# Wet look for stone veneer?



## Canarywood1 (May 5, 2012)

bestways said:


> Have stone veneer on the wall behind my wood stove. This is not natural stone. When I wet the stone veneer it has a really neat look to it. What is the best product to put on the stone veneer to enhance the color and give it the wet look.? Thanks!


 

You want a wet look sealer,something like the link i'll post, doesn't have to be this product,as i know nothing about it,just posting for a reference for you,if you google sealers there's a ton out there,or maybe someone will know about one they have used.

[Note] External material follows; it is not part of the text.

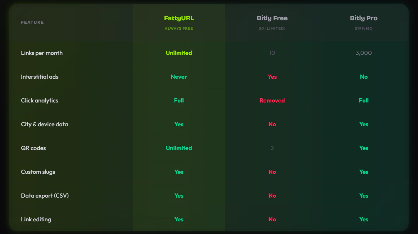 FattyURL is a free link management tool. Shorten any URL instantly — no signup needed. Full click analytics: countries, cities, devices, browsers, OS, referrers. Custom QR codes with color picker and PNG/SVG export. Custom slugs like fattyurl.com/your-brand. Link editing. CSV export. Import from Bitly via CSV. No ads. No interstitial pages. No usage limits. No premium tier. Links never expire — backed by a public promise.

http://preventsealing.com/wetlookstonesealer.aspx


----------



## remodler (Nov 26, 2012)

Thanks! Is there anyway to get the enhanced color like when it's wet without the shine of the high gloss? Probably not, but I'm trying avoid the glossy look.?


----------



## Canarywood1 (May 5, 2012)

Like i said ,google it and see what you come up with,there may be a matte finish.


----------



## jomama45 (Nov 13, 2008)

This product should work well for what you're trying to accomplish:

http://www.prosoco.com/Products/{8AD80DA2-C0EB-4ADF-81D0-44DF7FC0E1E6}



I've never used the water-based version, but I would recommend it for an interior application. I can say the solvent-based version works excellent, and I've used it with great success on many masonry products through the years. It does a great job of enhancing, while leaving the surface the exact same sheen as un-treated..........


----------



## remodler (Nov 26, 2012)

Perfect! Thanks so much guys. I have a few stones left over from the job. I'll give it a try on those first to see how it looks. I'll post before and after pics...


----------